One way of taking into account a company’s growth prospects is the PEG (price/earnings-to-growth) ratio. This is an earnings metric that is adjusted for growth. A PEG ratio of ‘one’ suggests fair value, although it doesn’t take into account returns in the form of dividends.
Here we can see that BT’s PEG ratio — based on forecasts for the next five years — is around 2.9. That isn’t a ratio that could tempt me to buy.
Dividends
Investors will undoubtedly be drawn in by the 6.3% dividend yield. That’s one of the strongest dividends on the FTSE 100.
The big question is whether the dividend is sustainable. To assess this, I’m looking at the dividend coverage ratio. This tells us how many times a company can pay its stated dividends from its earnings.
In FY2023, the dividend was covered 2.53 times by earnings. That’s a strong ratio. Anything above two is considered stable. For FY24, I’m projecting dividend coverage of around 2.2 times — down, but still strong.
Debt
The financial situation at BT Group has raised concerns, primarily due to its substantial level of debt, which is more costly to manage in a high interest rate environment.
The current net debt position is £19.7bn — that’s up from £18.9bn in March — and surpassing the company’s market capitalisation, which stands at £12.1bn.

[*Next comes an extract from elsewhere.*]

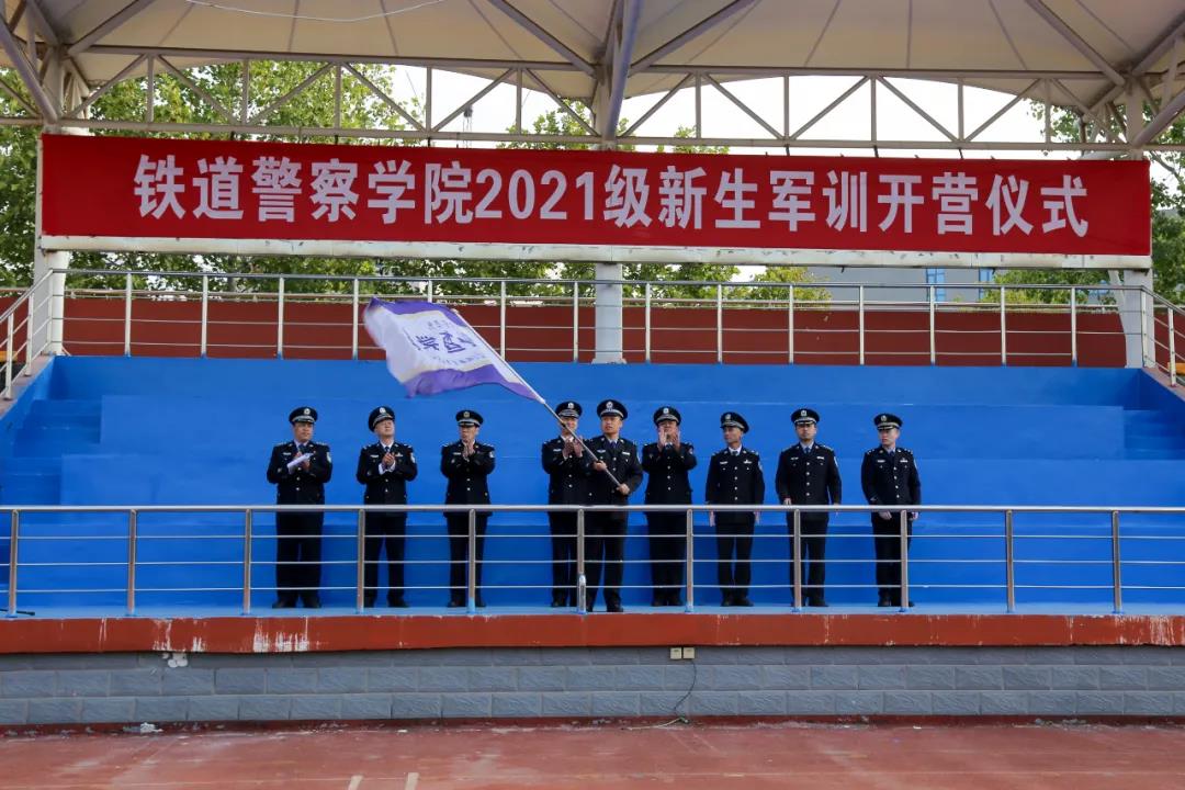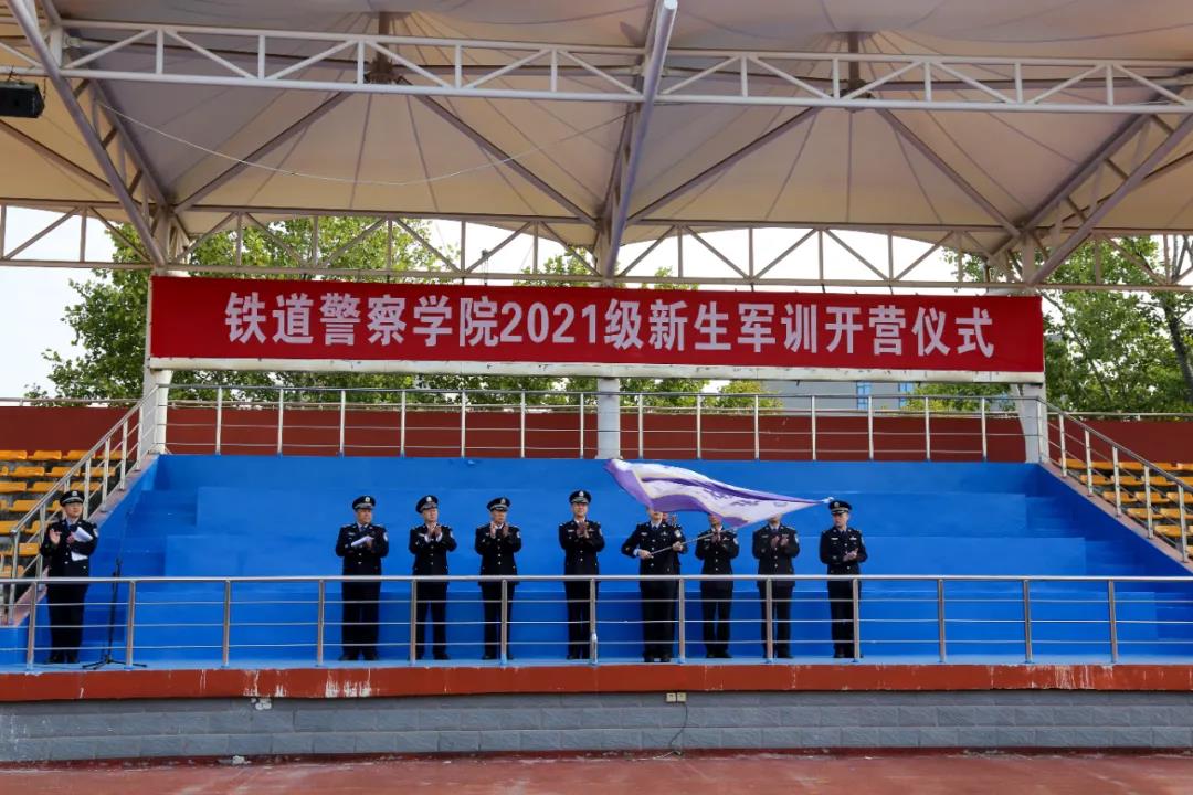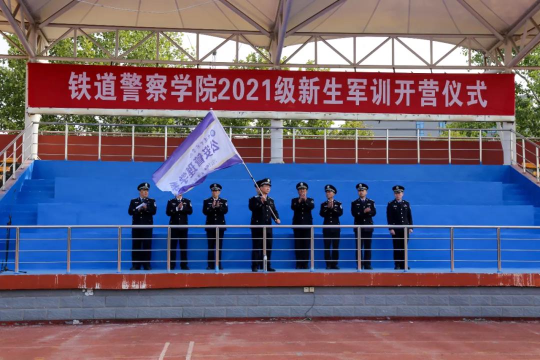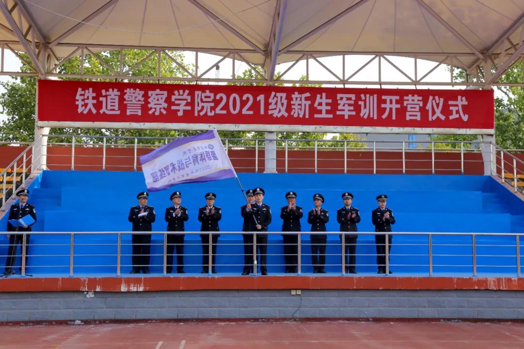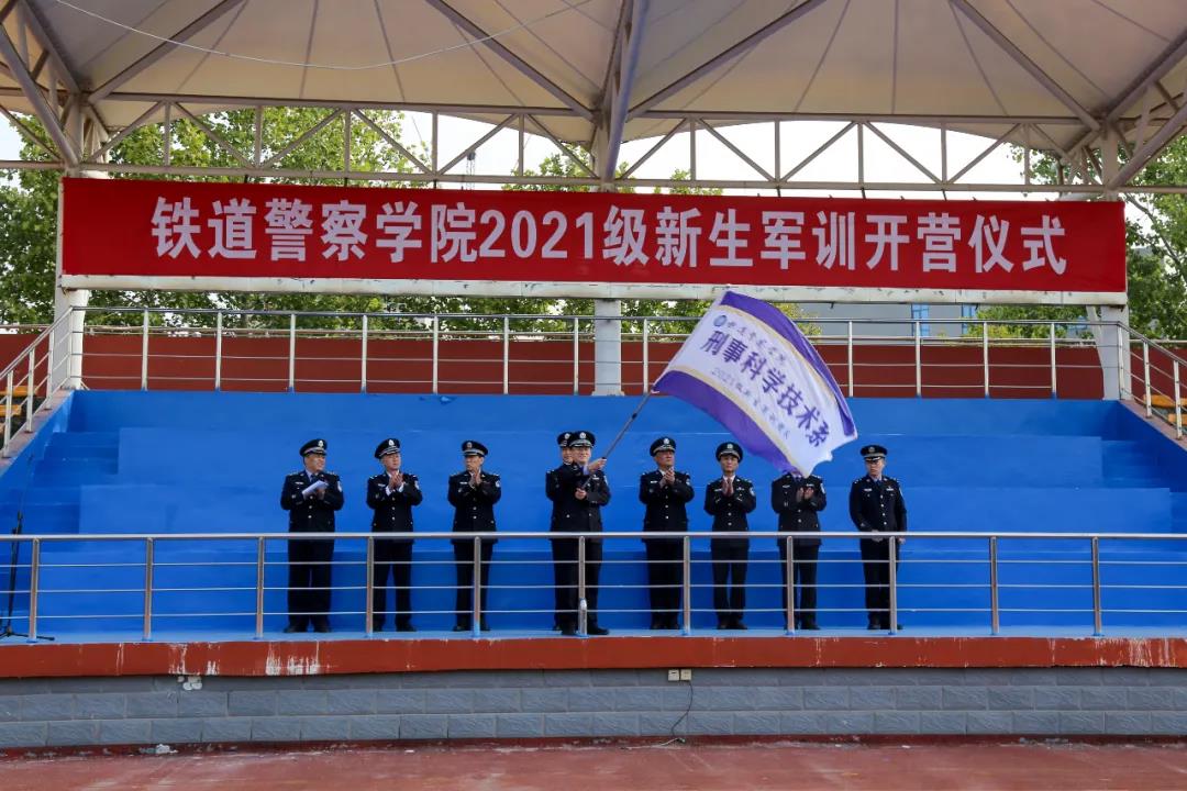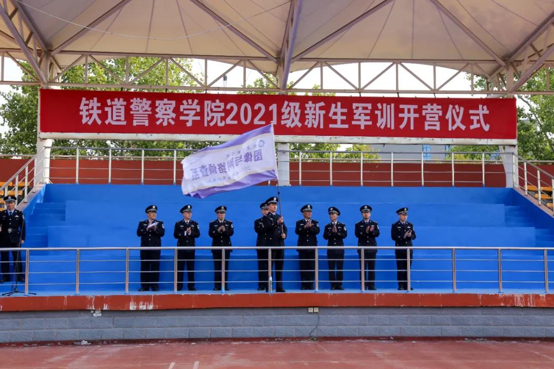 王荣胜副院长代表学院全体师生,向2021级1330名新同学来校学习表示欢迎,向承担此次军训任务的全体干部、教官表示感谢,并分别向治安学系、侦查学系、刑事科学技术系、公安管理学系、图像与网络侦查系、城市轨道交通安全保卫系、警体部军训团队授予队旗。

Leverage is an important vehicle to facilitate investment and growth, but the burden of a debt load may prove too much for some investors.
A large proportion of this rising debt comes from pension contributions. However, the communications giant is supposedly on track to make £3bn of savings by 2024.
Not for me
BT operates is what is still an exciting and innovative sector, however I find the debt position, coupled with the slow EPS growth, rather concerning. Of course the dividend yield looks great, but for a dividend stock, it’s quite volatile. That’s why I’m not buying BT shares.